Christensen argued that Leigl was like a “Trojan horse,” with his role being to get the other three into the residence.

And after the stabbing, Christensen said, “he doesn’t do anything to get this 14-year-old kid to the hospital. He bleeds to death on someone’s front lawn.”

The judge said that if the three other men “came rushing in after Mr. Leigl gets there, where do you think he was when this scuffle (the stabbing) went on?”

Christensen said that according to Carolyn Snow’s initial statement to police, she saw the three men come in and realized one of them had a knife. She tried to stall a bit by asking one of the men his name. But then she walked into a back bedroom with Leigl behind her. Almost immediately they heard the “scuffle” and came out to find Garcia wounded.

“Mr. Leigl was outside the area of activity,” the judge said.

Defense attorney Michael Acosta argued that his client had been invited to Snow’s apartment “at a very unfortunate time.”

He said Leigl was there just to visit his girlfriend and didn’t know Garcia was there. As for the three alleged killers who followed Leigl in, Acosta said Leigl was not needed for their plan.

“They could have kicked the door in,” he said. “… At best this (case) is an unexplained ride to the hospital. We don’t know that he didn’t get to the hospital and walk away.”

Eureka police Detective Ron Harpham had testified that when Garcia was found, there was a large black bandana spread out under him. The house slippers he had been wearing were nearby. He had been lying in a hard rain for hours, and his clothing was soaked with blood and water.

Harpham said that about 80 feet away near a curb, investigators found a blue ball cap and a Q-tip soaked with the boy’s blood. Although he couldn’t say whether that was where Garcia had gotten out of a vehicle, “something happened with him there.”

This is the second time a judge has refused to hold Leigl to answer on a murder charge. In October visiting Judge Marjorie Carter dismissed charges against Leigl after defense attorney Acosta argued successfully that not enough evidence had been presented in the first preliminary hearing.

During the hearing that concluded today, prosecutor Christensen struggled to question witnesses who were sidestepping, backtracking and even pretending to be blind.
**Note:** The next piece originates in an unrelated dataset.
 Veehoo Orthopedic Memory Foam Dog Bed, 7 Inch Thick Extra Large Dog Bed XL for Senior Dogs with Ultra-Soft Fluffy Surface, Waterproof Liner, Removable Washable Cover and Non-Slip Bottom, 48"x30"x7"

Snow had once told police she saw the three men who followed her boyfriend into the apartment. Now she said she saw nobody but just heard the scuffle.

Previously she had said Leigl had a weird look on his face when he came into the house. This time he didn’t look weird until after the stabbing.
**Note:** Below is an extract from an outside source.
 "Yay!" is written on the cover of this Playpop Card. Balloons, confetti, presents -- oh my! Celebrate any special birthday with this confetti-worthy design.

As to who had a knife, Snow said she now believes she saw Garcia with a knife in his hand earlier in the evening.

Once, Snow told investigators she was afraid to identify the Olivos and Nunez during the first preliminary hearing. Asked whether she had said that, she replied “No, I did not. I think that you guys were taking my words out of context.”
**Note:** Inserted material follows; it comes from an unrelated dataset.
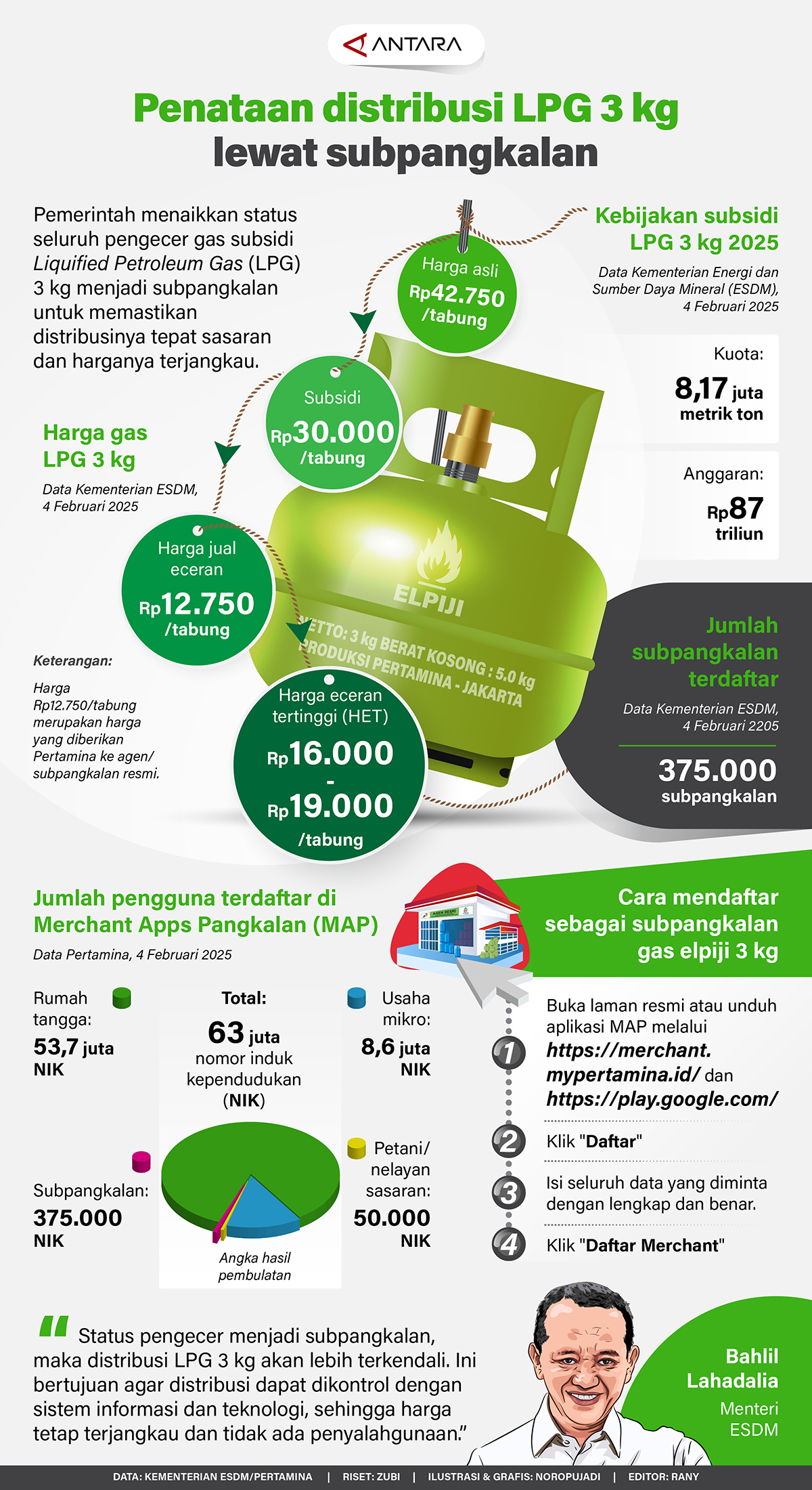 Beranda MENYAPA NUSANTARA INFO GRAFIS Penataan Distribusi LPG 3 Kg Lewat Sub Pangkalan Headline, INFO GRAFIS, MENYAPA NUSANTARA Penataan Distribusi LPG 3 Kg Lewat Sub PangkalanNoviantoKamis, 06/02/2025 - 13:26 WIBKamis, 06/02/2025 - 13:29 WIB BATAMCLICK.COM: Pemerintah menaikkan status seluruh pengecer gas subsidi Liquified Petroleum Gas (LPG) 3 kg menjadi sub pangkalan untuk memastikan distribusinya tepat sasaran dan harganya terjangkau. Sumber: Antara Baca JugaKKP tangkap tiga kapal asing dan selamatkan potensi rugi Rp20,2 miliarMenkum: Sinergi pemerintah dengan notaris perkuat kepastian hukumPemkot Batam percepat implementasi QRIS guna perkuat digitalisasiRutan Batam gelar pemeriksaan kesehatan gratis bagi pengunjungJNJ Specialist Dental Centre Raih Status Invisalign Diamond Elite ProviderBupati Cen Sui Lan Luncurkan Bantuan Pangan Tahap II, Targetkan Pembangunan Gudang Bulog di Wilayah Kepulauan

Jail inmate Anthony Burgess, also identified as a Sureno gang member, initially told police he helped Leigl put the wounded Garcia into a car. But in court he didn’t recall making any statements to investigators.

Asked to identify Leigl in the courtroom, Burgess looked around blankly and said “I don’t see him.”

While murder generally means life in prison, the gang allegation and the charge of accessory after the fact each carry maximum penalties of three years in prison.

Mario Nunez, Joe Daniel Olivo Jr. and Joe Olivo III are set for trial in January.